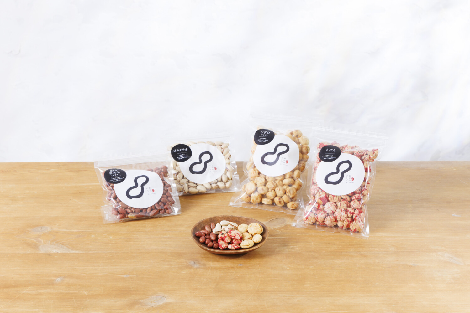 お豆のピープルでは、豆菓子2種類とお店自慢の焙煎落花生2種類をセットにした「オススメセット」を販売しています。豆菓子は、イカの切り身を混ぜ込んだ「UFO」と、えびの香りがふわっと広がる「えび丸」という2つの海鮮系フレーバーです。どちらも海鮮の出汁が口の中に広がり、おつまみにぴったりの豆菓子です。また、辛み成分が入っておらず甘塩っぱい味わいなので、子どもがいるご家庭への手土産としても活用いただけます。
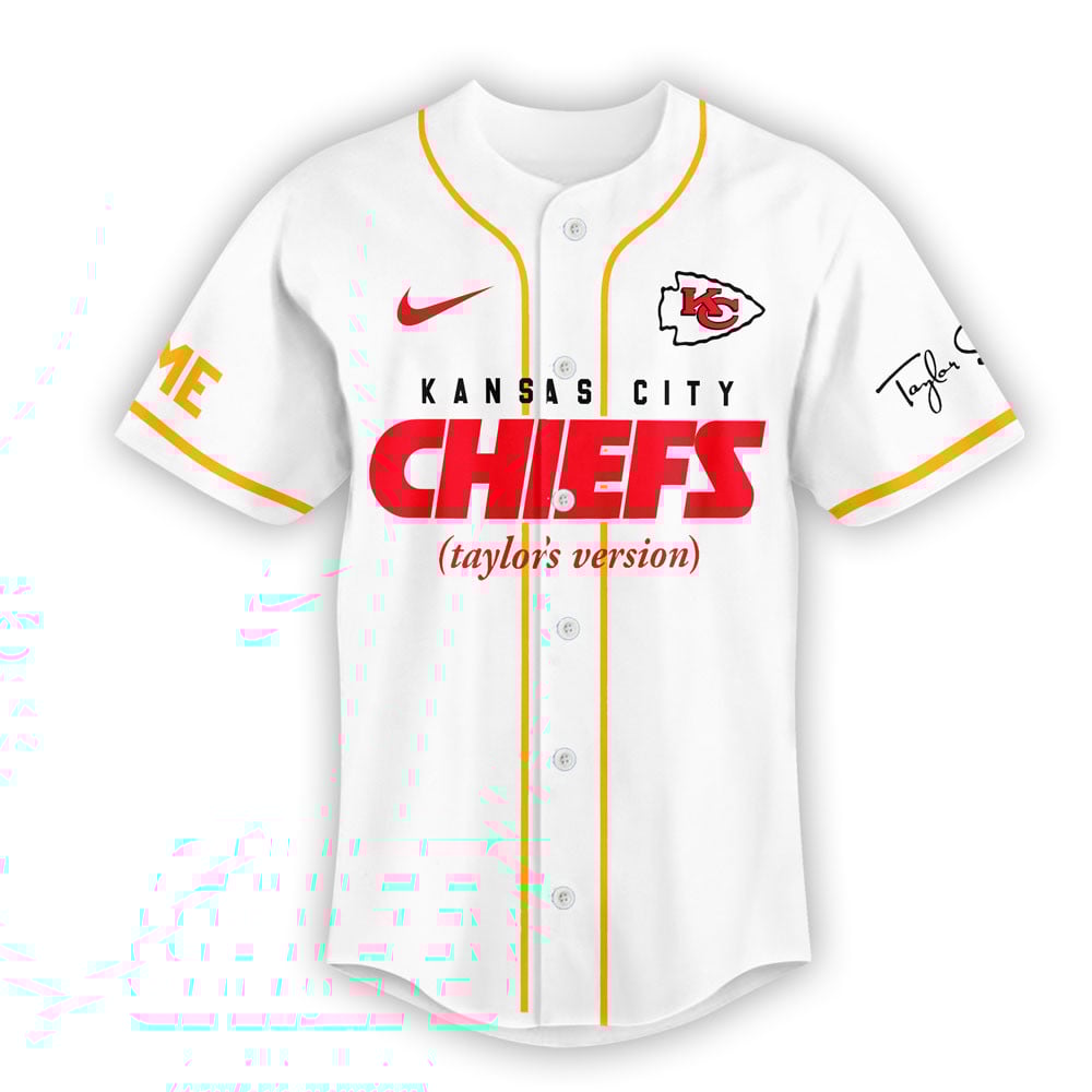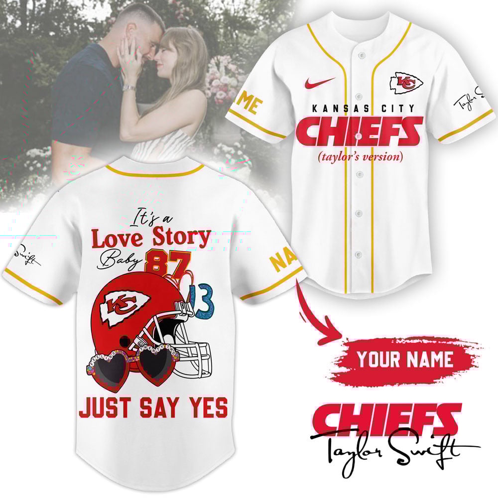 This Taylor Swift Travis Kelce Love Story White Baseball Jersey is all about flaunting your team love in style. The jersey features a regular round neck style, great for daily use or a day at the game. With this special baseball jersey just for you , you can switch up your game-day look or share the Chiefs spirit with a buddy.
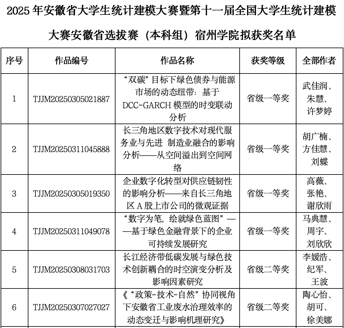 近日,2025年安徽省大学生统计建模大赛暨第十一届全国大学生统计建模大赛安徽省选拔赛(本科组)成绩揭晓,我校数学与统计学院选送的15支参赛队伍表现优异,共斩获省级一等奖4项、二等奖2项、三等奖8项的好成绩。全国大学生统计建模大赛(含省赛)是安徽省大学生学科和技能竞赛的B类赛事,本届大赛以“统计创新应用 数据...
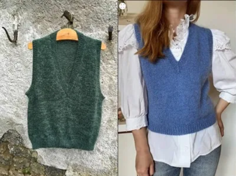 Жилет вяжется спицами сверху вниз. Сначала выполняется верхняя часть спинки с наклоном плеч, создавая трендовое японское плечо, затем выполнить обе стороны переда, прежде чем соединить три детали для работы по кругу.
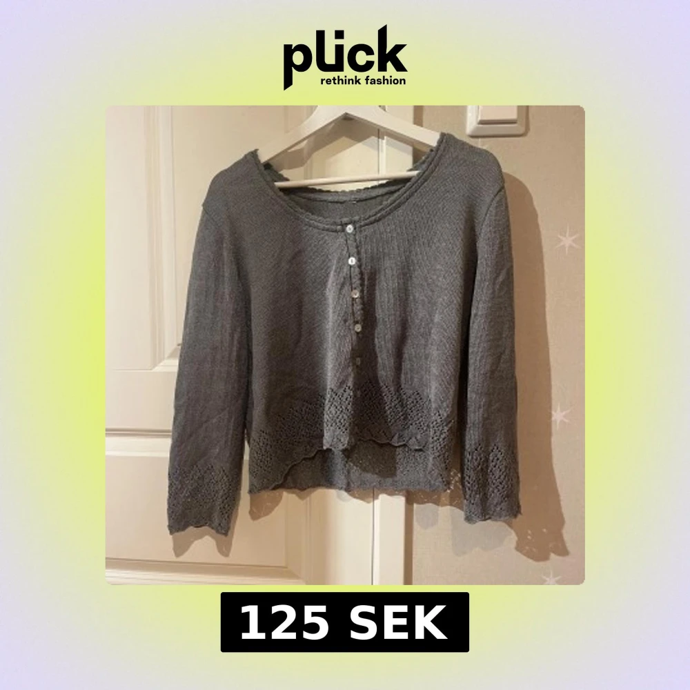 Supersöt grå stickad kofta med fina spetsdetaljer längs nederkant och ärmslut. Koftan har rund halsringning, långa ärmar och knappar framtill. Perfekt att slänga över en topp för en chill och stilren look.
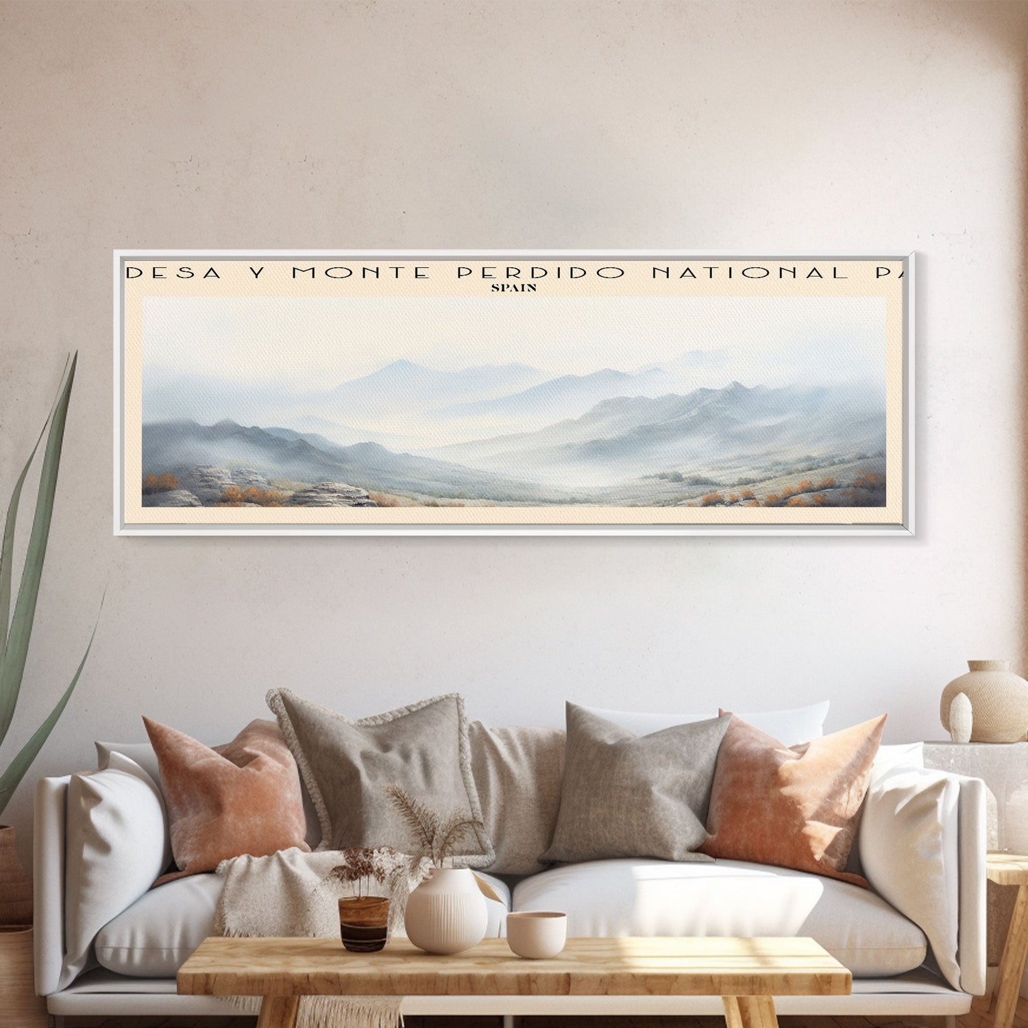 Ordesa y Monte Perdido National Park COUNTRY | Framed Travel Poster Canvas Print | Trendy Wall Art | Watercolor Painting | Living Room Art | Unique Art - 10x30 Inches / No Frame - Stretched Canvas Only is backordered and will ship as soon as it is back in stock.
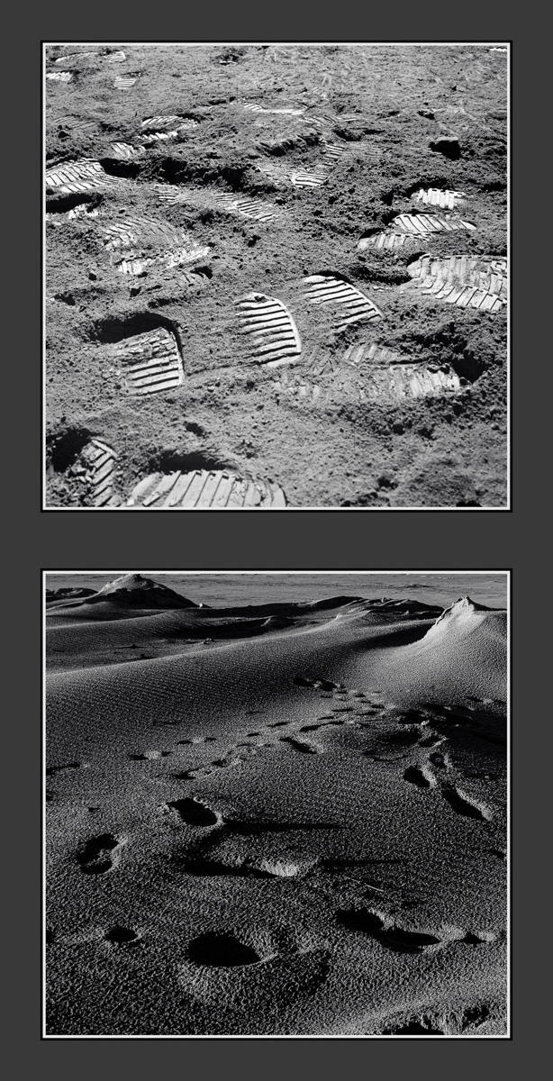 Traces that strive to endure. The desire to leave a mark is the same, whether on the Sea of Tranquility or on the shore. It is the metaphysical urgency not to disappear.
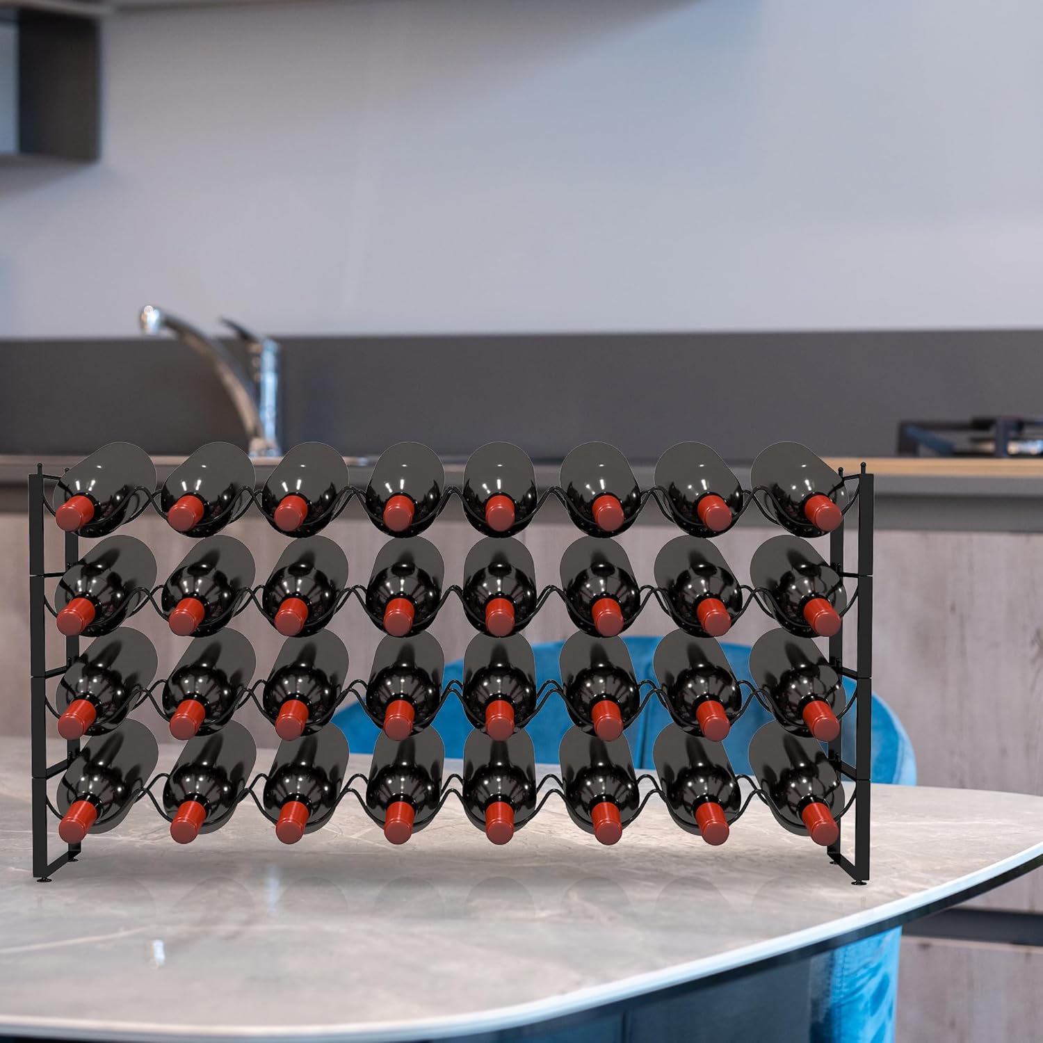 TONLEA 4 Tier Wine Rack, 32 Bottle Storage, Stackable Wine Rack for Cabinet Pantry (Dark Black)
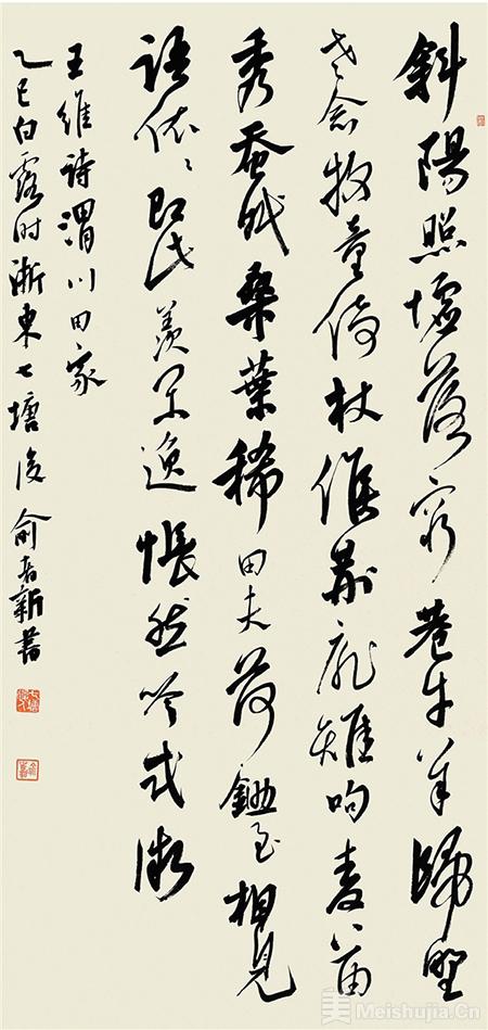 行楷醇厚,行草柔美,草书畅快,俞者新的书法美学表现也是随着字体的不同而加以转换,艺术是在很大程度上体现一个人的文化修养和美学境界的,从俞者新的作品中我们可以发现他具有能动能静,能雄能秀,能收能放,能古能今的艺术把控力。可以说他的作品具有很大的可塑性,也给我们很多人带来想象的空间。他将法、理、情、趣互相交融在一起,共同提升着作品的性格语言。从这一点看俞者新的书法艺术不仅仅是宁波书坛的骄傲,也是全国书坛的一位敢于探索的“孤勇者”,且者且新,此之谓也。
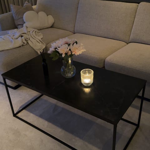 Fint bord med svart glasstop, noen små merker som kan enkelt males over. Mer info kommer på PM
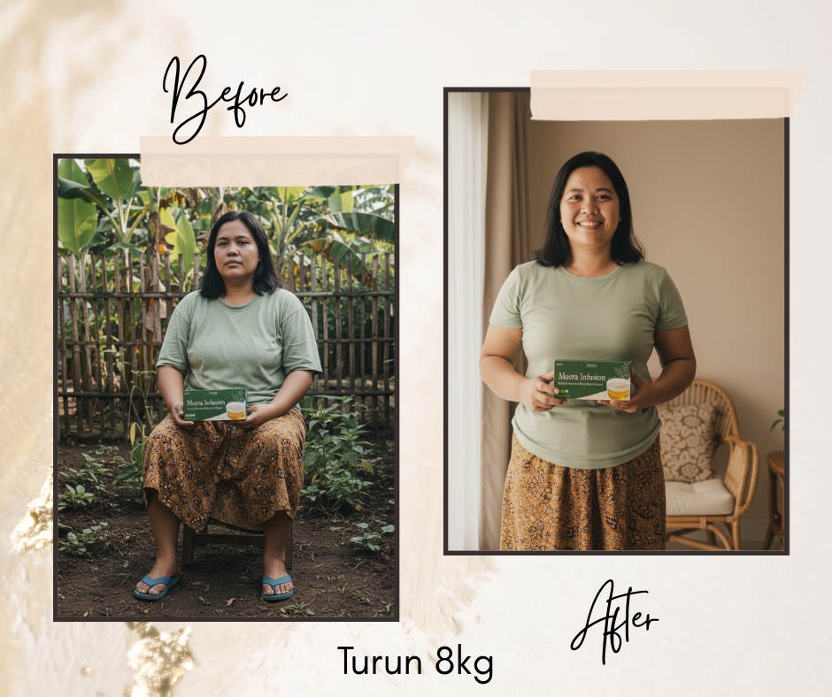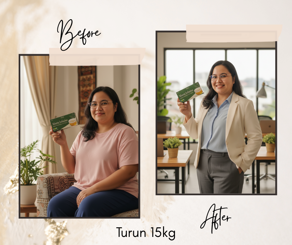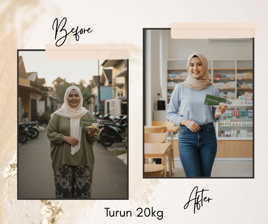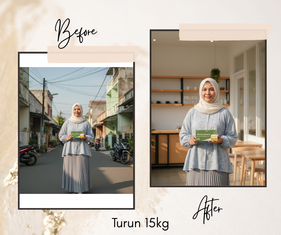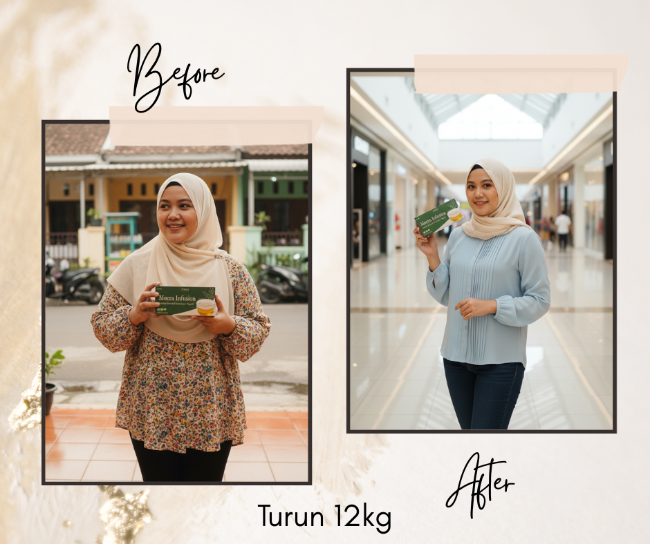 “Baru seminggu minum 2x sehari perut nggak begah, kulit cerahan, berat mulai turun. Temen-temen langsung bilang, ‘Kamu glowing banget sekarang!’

**WORK TASK:** All that is required is the lines from the line containing "Fint bord med" through the end of the records above, copied exactly, and none of the pictures.

**RESULT FOR THIS EXERCISE:**
 Fint bord med svart glasstop, noen små merker som kan enkelt males over. Mer info kommer på PM
 “Baru seminggu minum 2x sehari perut nggak begah, kulit cerahan, berat mulai turun. Temen-temen langsung bilang, ‘Kamu glowing banget sekarang!’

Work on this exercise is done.